Do you have any idea of what's going on?
Maybe there's something wrong with my hardware configuration?
Are there known issues with cheap Seagate ST500NM0011 disks? If so, which model of disks would you suggest?

Any help is appreciated.

mir · Aug 25, 2015

HDD: HGST or WD Red. A HBA could also give some performance and stability especially if you a using SATA ports on a consumer grade motherboard.

mozp · Aug 26, 2015

Hello,

casalicomputers said:
Hello,
I'm experiencing random system lockups with the following error message:
task txg_sync blocked for more than 300 seconds
[...]
I need your help to avoid this to happen again.
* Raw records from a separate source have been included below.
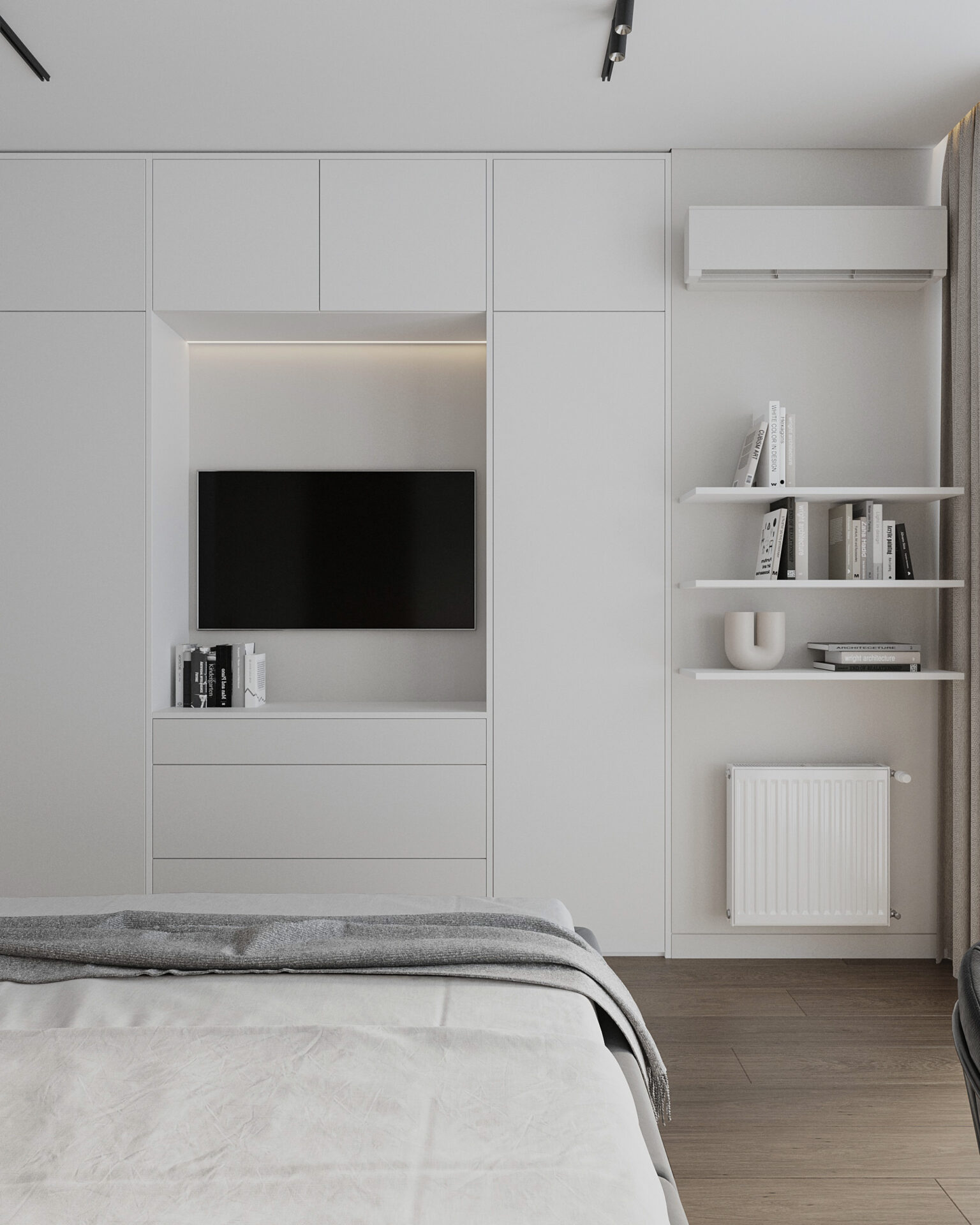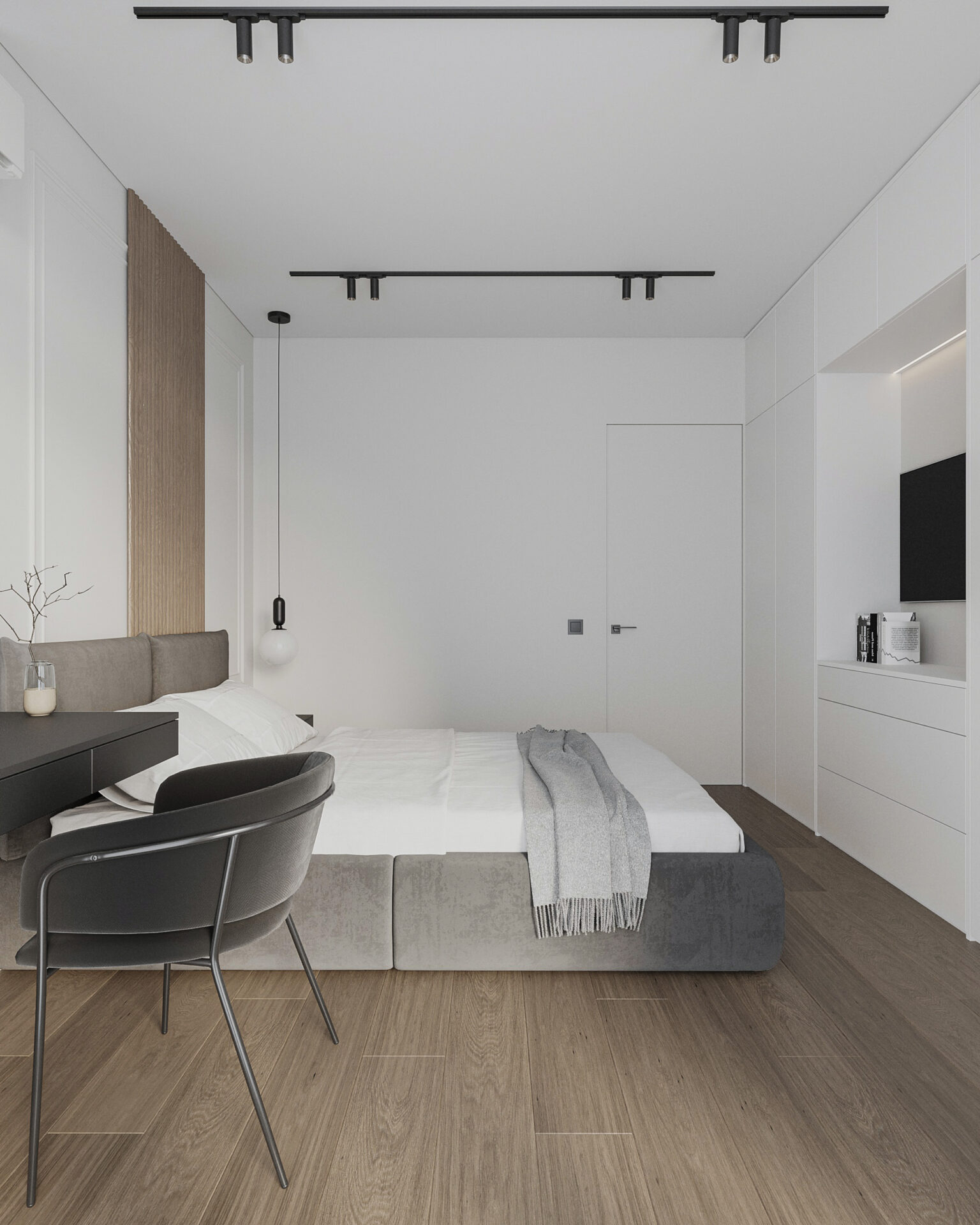 Квартира під інвестицію з метою здачі в аренду. В таких випадках важливо щоб інтер’єр був естетичним та універсальним. Щоб візуально квартира виглядала дорожче, ми використали неокласичні елементи. Також в об’єктах під здачу варто зберігати баланс між вартістю матеріалів, їх зносостійкістю та легкозамінністю.
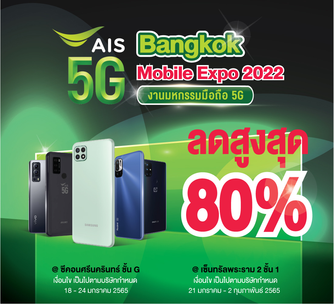 ต้อนรับศักราชใหม่ด้วยงานมหกรรมมือถือครั้งใหญ่สุดร้อนแรงต้อนรับปีเสือ “AIS 5G BANGKOK MOBILE EXPO” งานนี้ AIS จัดเต็มพร้อมต้อนรับทุกคนเข้าสู่ครอบครัว AIS ด้วยเครือข่ายอันดับ 1 พร้อมบริการที่ดีที่สุดสำหรับลูกค้า และโปรโมชั่นส่วนลดสุดพิเศษสูงสุดถึง 80% ไม่ว่าจะเป็น
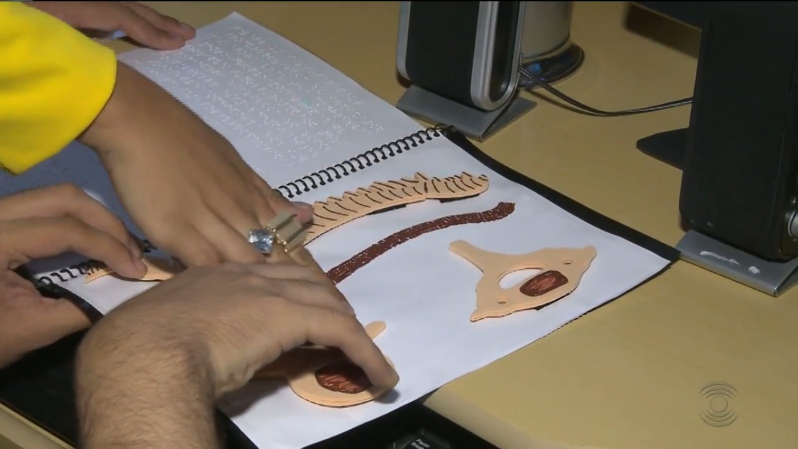 Como os deficientes costumam aprender a usar os computadores pela voz, o cego acaba ligando os ouvidos nas caixas de som e se curvando, seguindo uma postura errada que pode gerar problemas na coluna. A estudante resolveu criar uma cartilha “orientações posturais” que foi escrita no sistema braile e proporciona aos usuários um contato com materiais pedagógicos em um sistema próprio de leitura para cegos.
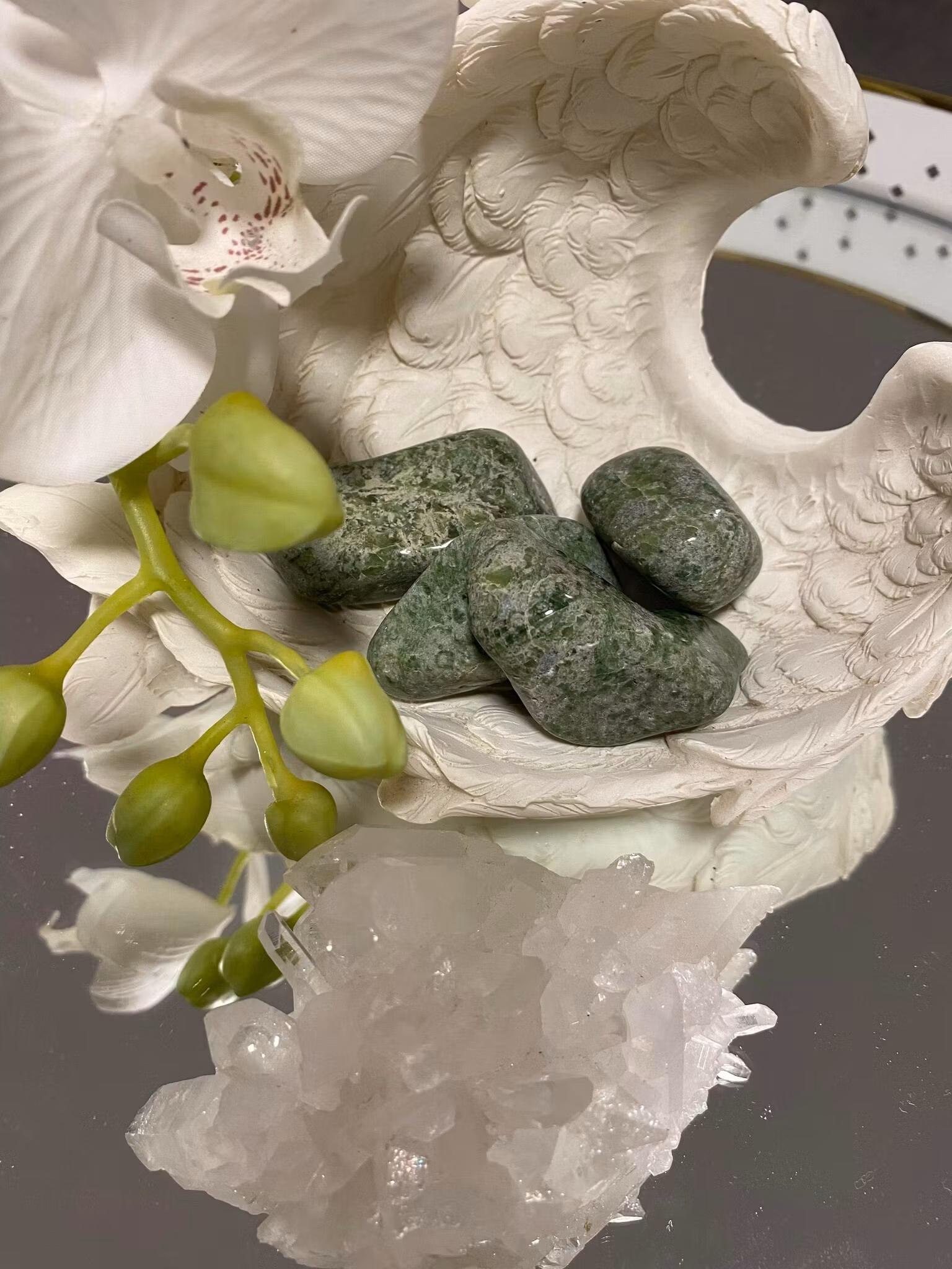 Idokras utgör en länk till ett högre jag och till den information detta ger från själen. Psykologiskt frigör den känslor av instängdhet och restriktioner. Den hjälper till att läka erfarenheter i tidigare liv av att vara fången, extrem fara och mental eller känslomässig instängdhet. Idokras eller Vesuvianit som den också heter hjälper till att försiktigt lösa upp vrede och mildra vår inre rädsla. Den sägs skapa en inre trygghet, öppnar vårt sinne och rensar bort negativa tankemönster så att sinnet kan fungera klarare. Den stimulerar uppfinningsrikedom och begäret att upptäcka, som den förenar med kreativiteten.

You should post your kernel version and your zfs version.

As a pointer I am experiencing similar problems since an upgrade to kernel 2.6.32-40-pve and a newer zfs version

Code:

dmesg | grep -E 'SPL:|ZFS:'
SPL: Loaded module v0.6.4-358_gaaf6ad2
ZFS: Loaded module v0.6.4.1-1099_g7939064, ZFS pool version 5000, ZFS filesystem version 5

See this thread for more: "After Upgrade ZFS pool gone".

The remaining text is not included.